Sadly, many vendors are attempting to replicate this model with “virtual appliances” and network-based solutions instead of embracing workload focused analysis at the host layer. “Cloud washing” network analysis is simply untenable given the way we think about and build our systems today.
#3 Concerns with Proxy Availability, Complexity & Security
Let us assume that you are okay paying the price to stream all or most of your traffic twice. One common technique to decrease the per-host penalty is to proxy all host-to-host network traffic through a set of servers that are running the network monitor or tap.

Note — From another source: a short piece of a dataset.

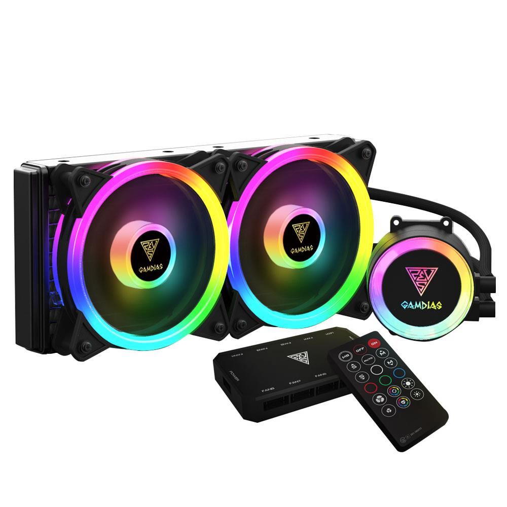 Cooler procesor cu lichid Gamdias Chione M2-240R iluminare RGB, TPD: 200W, sistem pre-umplut cu lichid, doua ventilatoare 120mm Hydraulic aRGB (700 - 2000 RPM±10%, 55 CFM, 16 - 22 dBA, 1.94 mmH2O, PWM), pompa silentioasa cu LED-uri aRGB, dimensiuni radiator: 274x119x27mm, include controller si telecomanda AEOLUS BOX II, sincronizare RGB cu: addressable RGB header (ASUS) / (ASRock), JRAINBOW (MSI) / Digital Pin Header (GIGABYTE) compatibilitate: AMD AM4 / AM3+ / AM3 / AM2+ / AM2 / FM2+ / FM2 / FM1 / TR4 / Intel LGA2066 / 2011-v3 / 2011 / 1151 / 1150 / 1155 / 1156 / 1366 / 775

This set up heavily penalizes east-west network traffic (server-to-server), especially if you can imagine introducing an extra network hop to each RPC call. But only proxying north-south network traffic (external-to-internal) does not give you sufficient visibility since you must understand how your workloads interact with one another. Plus, as all of those articles from the 1990s and 2000s taught us, perimeter detection alone is not sufficient and you must deploy monitoring with a “defense in depth” mindset.
However you arrange your proxies, you really only get insight into the traffic if you can decrypt it to inspect the payload. Your north-south network traffic is almost certainly encrypted and I have seen more companies encrypt east-west network traffic on principal due to fear stemming from high profile disclosures. Decrypting that traffic costs compute and likely introduces more latency into the proxy’s network hop.
Not only does this put you in a position of managing many proxy servers to sustain high availability and throughput, but you also have to deploy certificates and private keys onto the proxies to decrypt the traffic. This could be a very risky proposition depending on where the proxy sits in your network architecture. This is especially true if you are decrypting north-south traffic on a NAT host, because now your private keys and certificates sit on a WAN routable host.
Host-based monitoring does not introduce any of these complexities. We go so far as to never inspect your network packets at Threat Stack, instead only monitoring the network connection table and associating those connections with processes in your system. This way we can tell you who or what your workload is talking to, and likely why, without having to penalize network performance, introduce new availability concerns, or potentially put private keys at risk.
From our and our customers’ experiences, the deployment of a host-based IDS is far simpler than a network-based IDS, which is itself a security feature.
If you look back over this article, you will notice that the majority of our comparison has been from the architectural and infrastructure point of view. This must be the starting point for new security products looking to secure Cloud deployments, as we have seen in other software verticals. Forklifting on-premises assets or Cloud washing concepts for off-premises deployments leads to confused or less impactful value.
Focusing on the workload and understanding the new architectural behaviors in the Cloud, such as the lack of network control and bandwidth availability, naturally leads to host-based intrusion detection systems.